CSOP Gold Futures Daily (-1X) Inverse Product (Stock Code: 7374.HK) to List on HKEX

HONG KONG, Oct 20 (Bernama-BUSINESS WIRE) — CSOP Gold Futures Daily (-1X) Inverse Product (stock code:7374.HK) will be listed on Hong Kong Stock Exchange on 20 October, 2021. As the first inverse commodity product issued in Hong Kong, 7374.HK provides investment results closely corresponding to inverse (-1x) the daily performance of Solactive Gold 1-Day Rolling Futures Index (the “Index”) by using a combination of a future-based replication strategy and a Swap-based synthetic replication strategy. 7374.HK attracted USD 12 million initial investment. The inception price per unit is around HKD 7.8 with trading lot of 100, and the entry investment is approximately HKD 780. Before 7374.HK, CSOP Gold Futures Daily (2x) Leveraged Product (stock code: 7299.HK) was launched on 5 June, 2020. Having accumulated USD 248.3 million in size and recorded HKD 30.37 million average daily trading volume as end of August 2021, 7299.HK is extensively invested by Hong Kong investors to express their positive view to gold price in the long run. ¹Meanwhile, the listing of 7374.HK will help investors to handle the volatility and downtrend of gold price in the short run.

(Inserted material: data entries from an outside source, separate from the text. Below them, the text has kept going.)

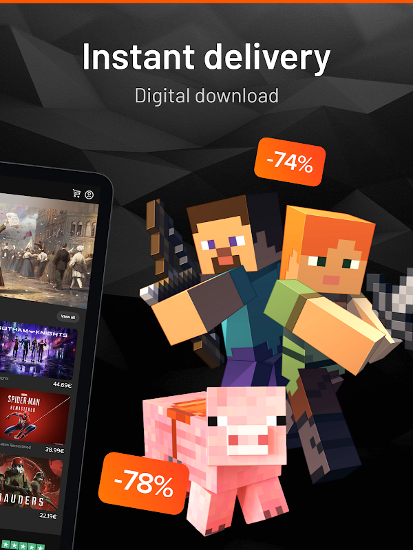 Download the app to get started. You can access the Instant Gaming app for various discounts on games. Log in and register with your credentials for the mobile application and browse through thousands of search results. Find your selected game and explore the prices. Get notified instantly when your preorders are delivered or when your game is back in stock. Monitor the best deals, instant offers, and prices every time. Once you've downloaded the app, access over 6000+ games on the go! (Steam, Origin, Battle.net, Ubisoft Connect…).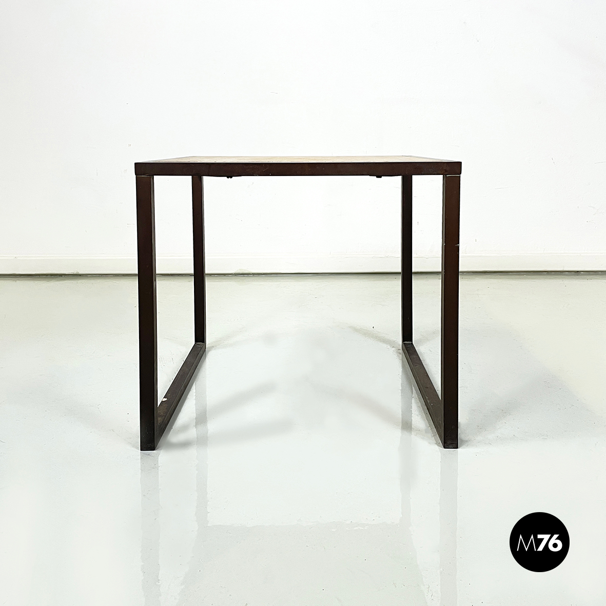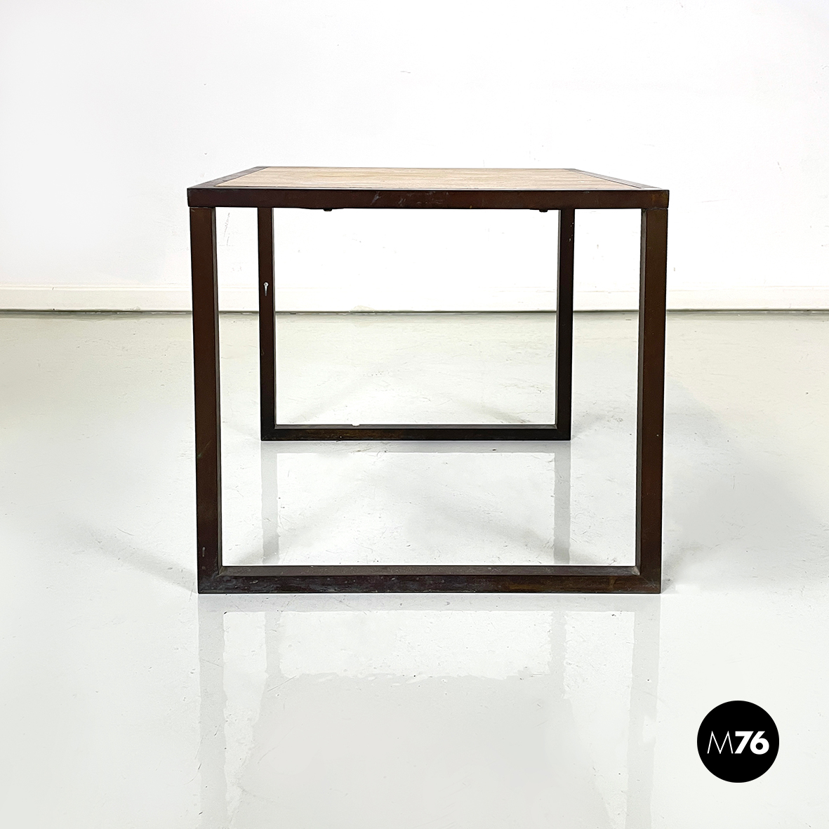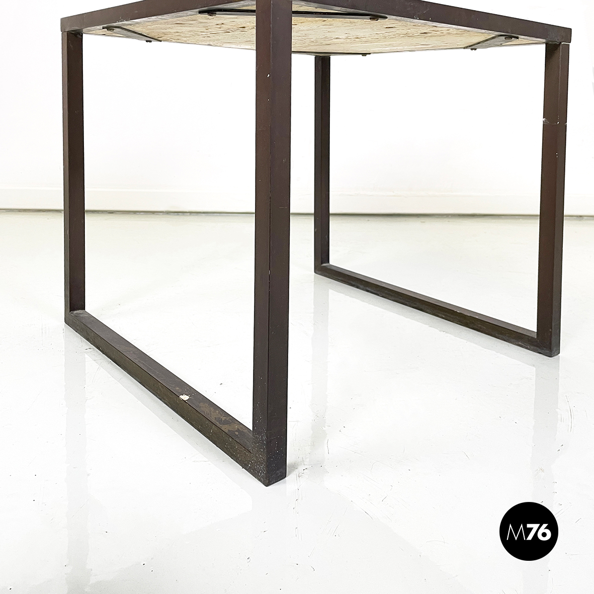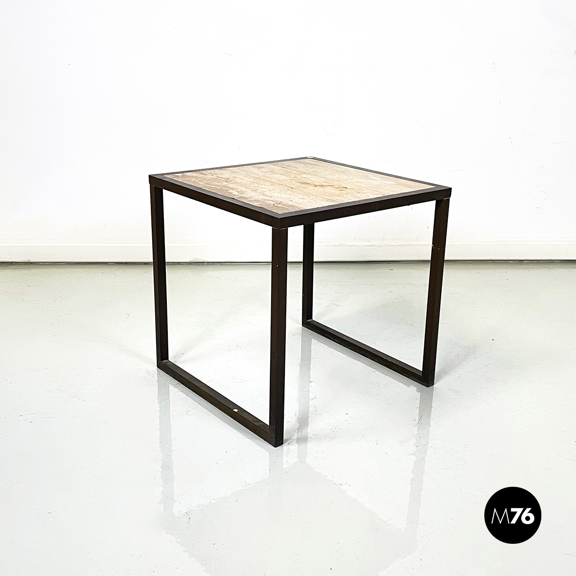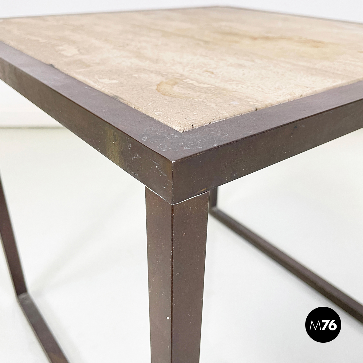 Tavolo da caffè con piano quadrato in travertino. La struttura, composta dal profilo della lastra in travertino e le zampe, è in metallo a sezione quadrata.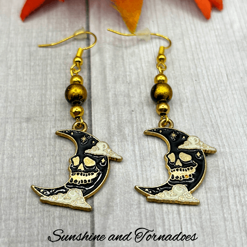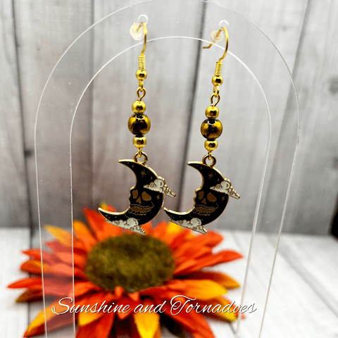 Handmade Creepy Moon Earrings. Handmade Halloween Jewellery.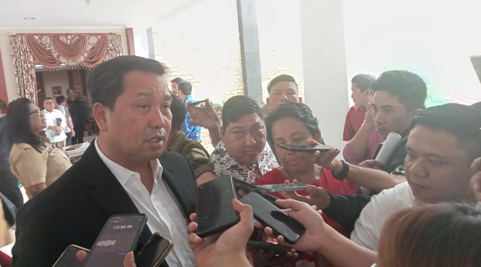 Anggota DPRD Provinsi Sulut, James Tuuk, interupsi persoalan kelangkaan solar pada saat rapat Paripurna DPRD dalam rangka pengambilan keputusan terhadap rancangan peraturan daerah (Ranperda) pajak daerah dan distribusi daerah Provinsi Sulut, Ruang Paripurna DPRD Provinsi Sulut, Selasa (5/12/2023).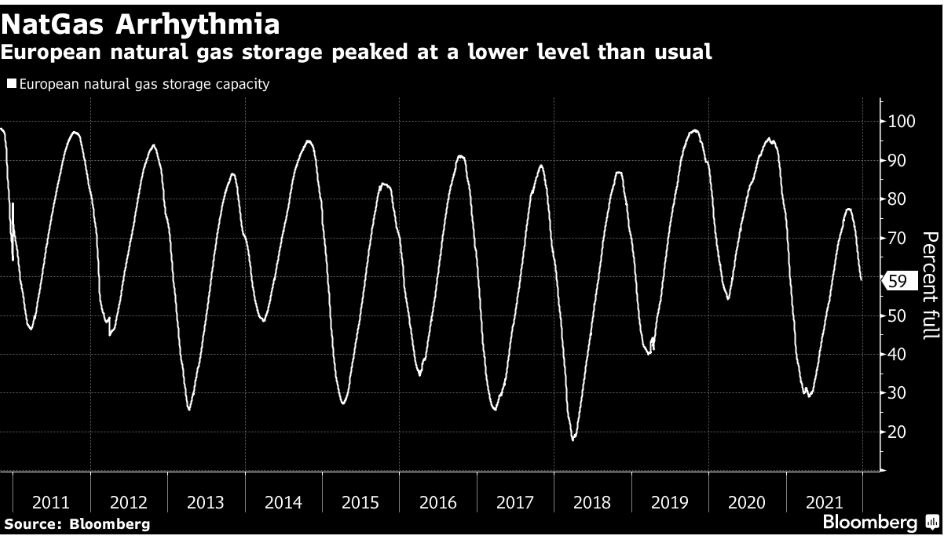 Не сразу ясно, кто виноват, но Европа вступила в эту зиму с гораздо меньшим количеством природного газа в хранилищах, чем обычно.

Gold has long been seen as a store of value and an important alternative to currency. The price of gold usually fluctuates around and is negatively correlated with US dollar over the long term. On 15 March, 2020, the Fed announced to carry out unlimited QE policy to increase the liquidity of U.S. banks. Its balance sheet has almost doubled from USD 4.31 trillion on 11 March 2020 to USD 8.33 trillion on 24 August 2021². Since then, along with the global panics over Covid-19, gold futures price has peaked due to the concerns over inflation in July 2020³. Fed is likely to plan tapering the QE gradually and bringing monetary policy back to normal in view of an economic recovery. When the Fed’s balance sheet is shrinking, it will pull out the liquidity from the market which could strengthen USD, thus inducing more uncertainties to gold prices in the short term. In addition to QE, major economies also lowered interest rates to stimulate the economy. At the outbreak of the pandemic, the Fed has trimmed the interest rate down from a previous target range of 1% ~1.25% to almost zero.⁴ Now, in response to a higher risk of inflation, the Fed is expected to wind down its pandemic-era stimulus program and raise the interest rate in near future. With a market consensus on a stronger USD, the gold prices may see a bigger swing in the following time.